On 10 Feb 2008, at 14:09, Andreas Veithen wrote:

More precisely, the given combination of (local address, local port, remote address, remote port) cannot be reused. Since local address, remote address and remote port are fixed this still leaves more than 60000 possible combinations. Assuming that connections remain in state TIME_WAIT for 240 seconds, you would have to open (and close) connections every 4 milliseconds to hit the limit. Some systems by default don't use the full available port range, so the figures might be a bit different, but anyway, at this connection rate the TCP transport seems not very appropriate and should be replaced by something more sophisticated like HTTP (with keepalive) or JMS.

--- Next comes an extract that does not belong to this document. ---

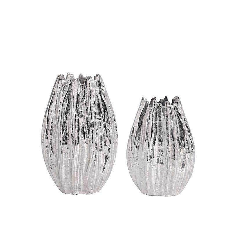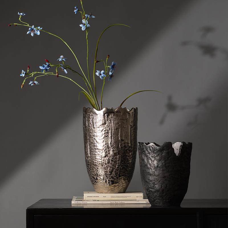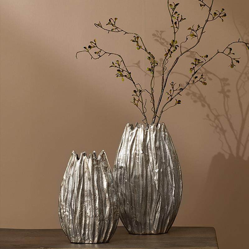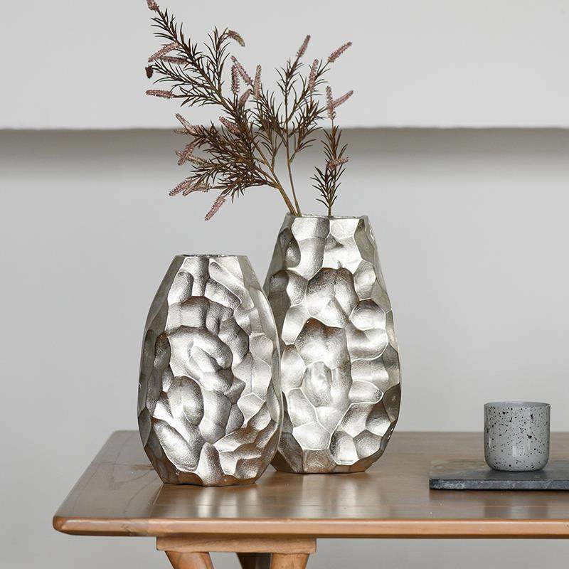 欧式现代简约铝制金属锤纹花器银色花瓶摆件样板间酒店客厅装饰品

Maybe it is useful to come back to the initial question asked in this thread:

"Hello, I'm using a stub that is connecting the server using TCP transport. I'm looping around calling the service operation. After I'm done I run netstat -na and I see a whole lot of connections in TIME_WAIT. Can I instruct the stub to clean up the connection after a method call?"

The complete answer to this question is as follows:
1) It is normal to see connections in state TIME_WAIT. This is not an indication of failure of the client to clean up connections, but is required by the TCP protocol. 2) Having large numbers of connections in state TIME_WAIT is not a problem in itself. 3) If a single client opens and closes more than about 100 connections per second, this leads to exhaustion of local ports on the client side. If this is the case, consider using a different transport.


A possible solution to problem #3 would be to customize some kernel settings (/etc/sysctl.conf), such as

net.ipv4.tcp_fin_ack_timeout
net.ipv4.tcp_keepalive_time


Michele


Regards,

Andreas


On 10 Feb 2008, at 12:18, Michele Mazzucco wrote:

Andreas,

the point is that while the connection is in TIME_WAIT state the socket cannot be reused (see the links below).

Michele


http://www.port80software.com/200ok/archive/2004/12/07/205.aspx
http://msdn2.microsoft.com/en-us/library/aa560610.aspx


On 9 Feb 2008, at 20:59, Andreas Veithen wrote:


On 09 Feb 2008, at 19:52, Michele Mazzucco wrote:

This is not a problem, since in this state, no resources (other than the corresponding entries in some internal OS data structure and that you can see with netstat) are consumed whatsoever.

This might be a problem, since they increase the number of open file (& connections). Remember that by default linux allows only 1024 open files.

A connection in state TIME_WAIT is closed (no further packets will be sent and no packets except "wandering" packets are expected to be received). Therefore there is no file descriptor associated to it.